By keeping a log it’s also really easy preparing your end of season speech for the Presentation night!
#11 Keep open lines of communication with players and parents throughout the season
This isn’t just to make sure that everyone is happy and comfortable with the team, it’s about taking an interest in players too! Make time to speak to players about their development, tactics, sportsmanship, skills, position etc. By taking an interest it shows that you care and this will lift any young soccer player’s performance.
Also, give parents plenty of opportunity to have airtime too. If they do come to you with any gripes or complaints let them speak. Resist jumping in and defending yourself immediately, don’t react. Allow them to get everything off their chest, listen, demonstrate that your listening, then construct your answer so that they get your full explanation in a calm and considered manner. It might not be that they are going to necessarily agree or disagree with your points but give them airtime.
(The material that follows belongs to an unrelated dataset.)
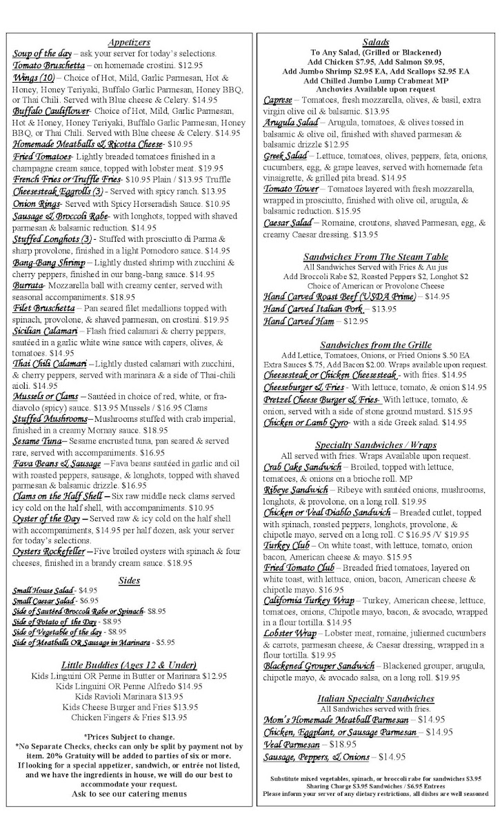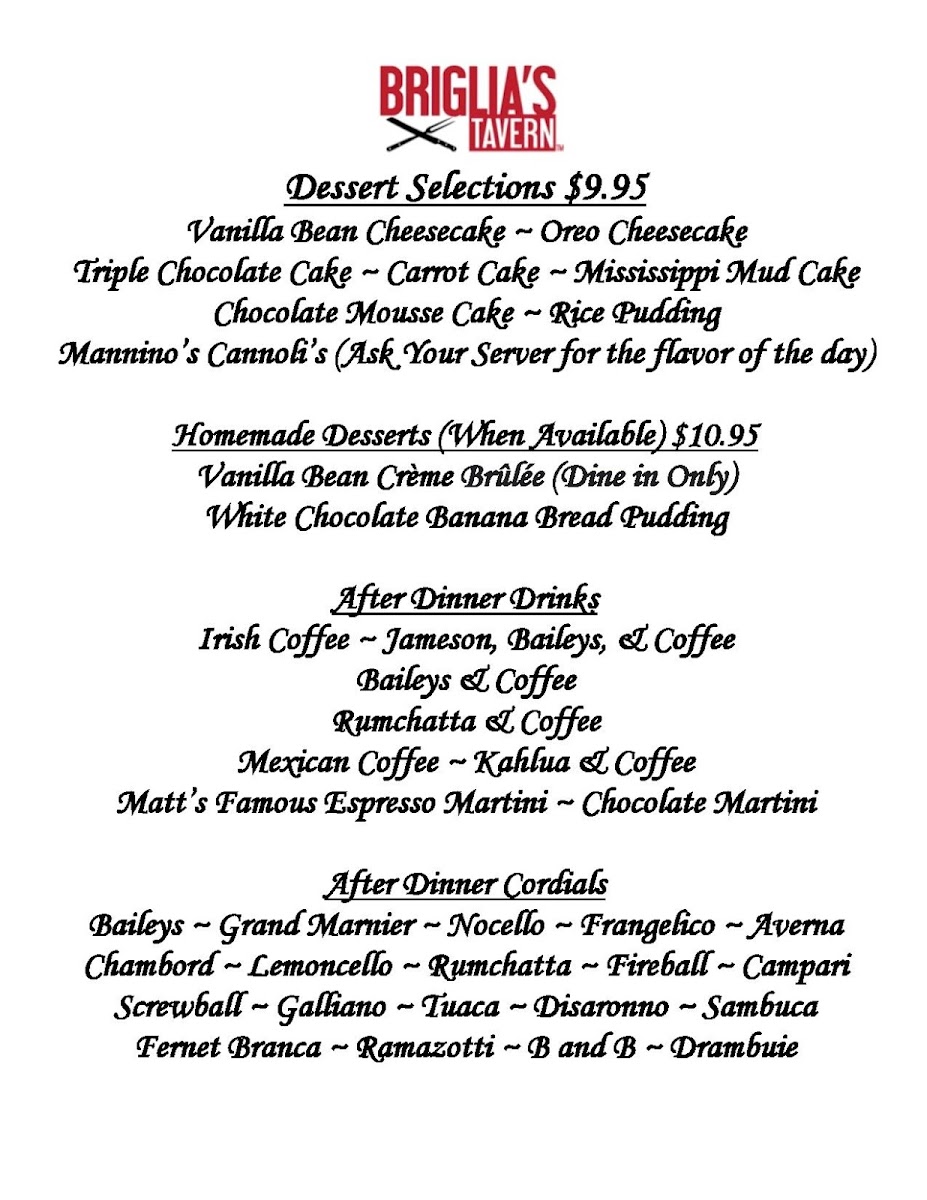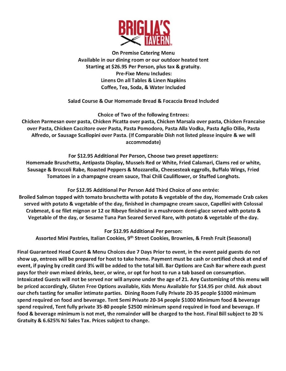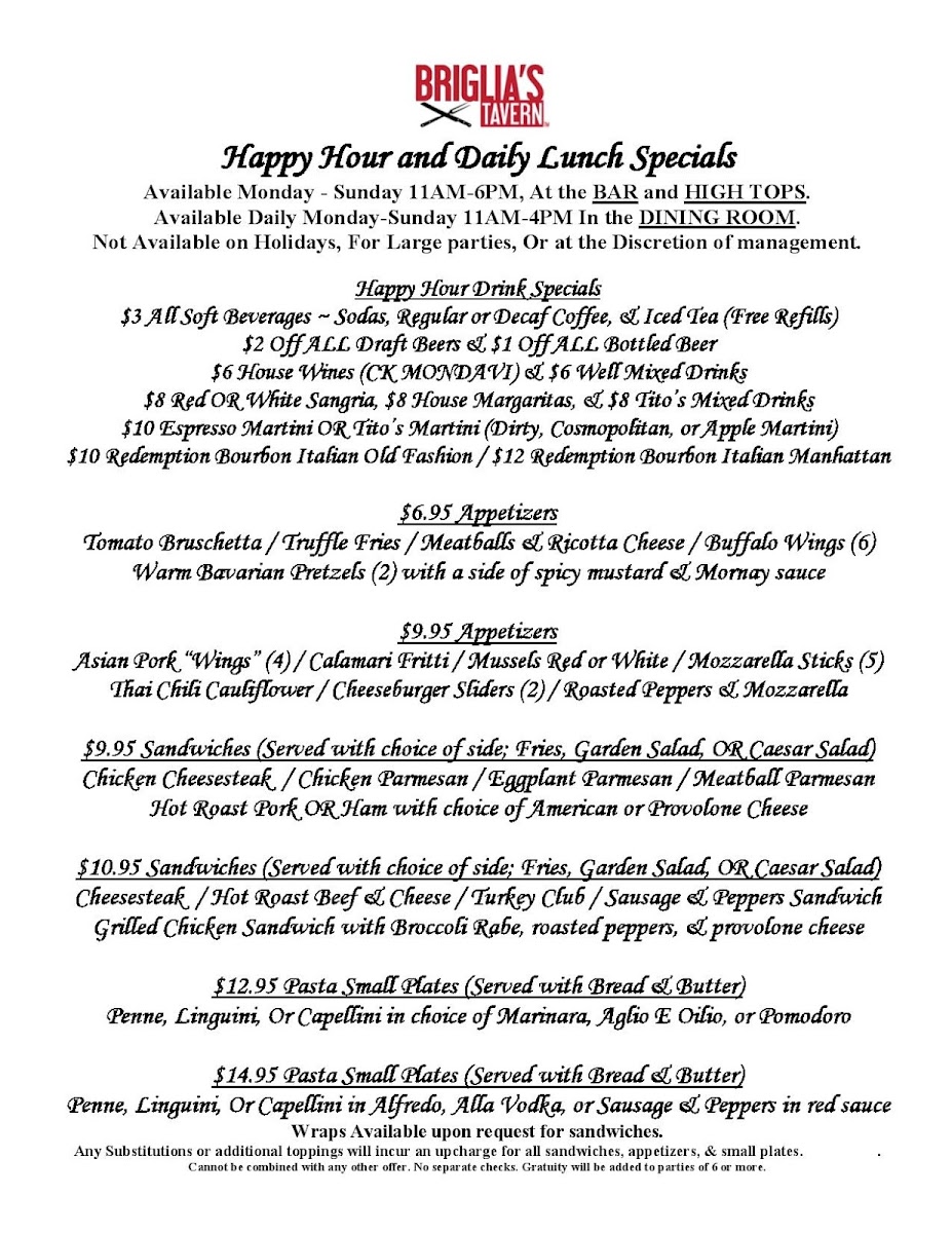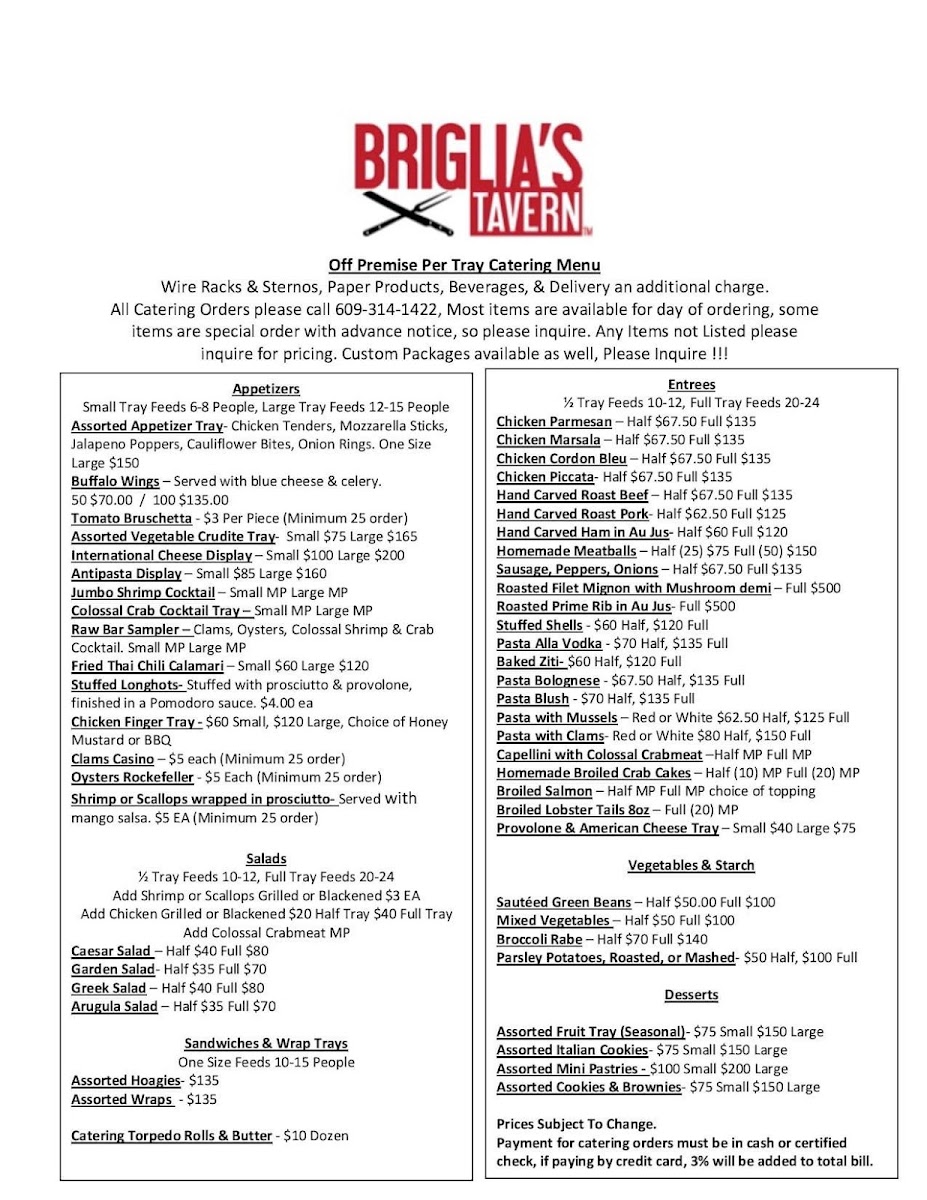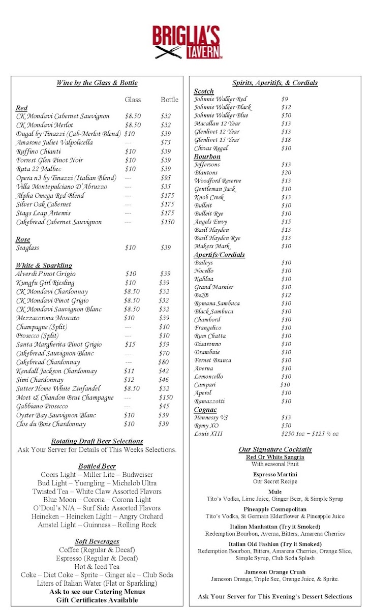 If you’re in the mood for a hearty meal in Berlin, NJ, Briglia's Tavern Menu is the perfect spot to satisfy your cravings. Known for its laid-back atmosphere and delicious comfort food, this local gem serves up everything from classic pub favorites to satisfying mains. Whether you're in the mood for a juicy burger, crispy wings, or a perfectly grilled steak, the menu here has something for every taste. For those who enjoy a good seafood dish, their fresh options never disappoint. The cozy setting makes it an ideal place to unwind with friends or family while enjoying a flavorful meal. From appetizers to dessert, each dish is crafted with care, ensuring a satisfying experience for all who visit. The variety and quality of the offerings make it a must-visit spot in town.

#12 Appoint a parent representative
A good parent representative can be worth their weight in gold. For me a training session should be exactly that a training session, where you put your players through their paces and develop their soccer skills. However, we see too many sessions taken over by parents wanting to discuss issues that could be dealt with by a parent rep. Instead of you getting many queries all on the same topic by different parents, have your parent rep deal with them, or co-ordinate the issues so that you only deal with them once, after the training session.
#13 Lead by example
Show respect for officials, opponents, players and parents. Develop a sound sense of sportsmanship with you players.
#14 Offer plenty of praise!
Be an uplifting coach, one that the players look up to and respect. You can do this easily by offering plenty of praise, catch your players doing things well and tell them. Yes they will need feedback when things aren’t going so well but this can still be done in a positive manner by using the praise – criticize – praise technique.
#15 Don’t over coach
Try not to over coach from the side lines during the game; give too much feedback at half time or a major run down of the game at full time. Win, lose or draw have a quick summing up after the game and then plan your next coaching session from what you’ve seen.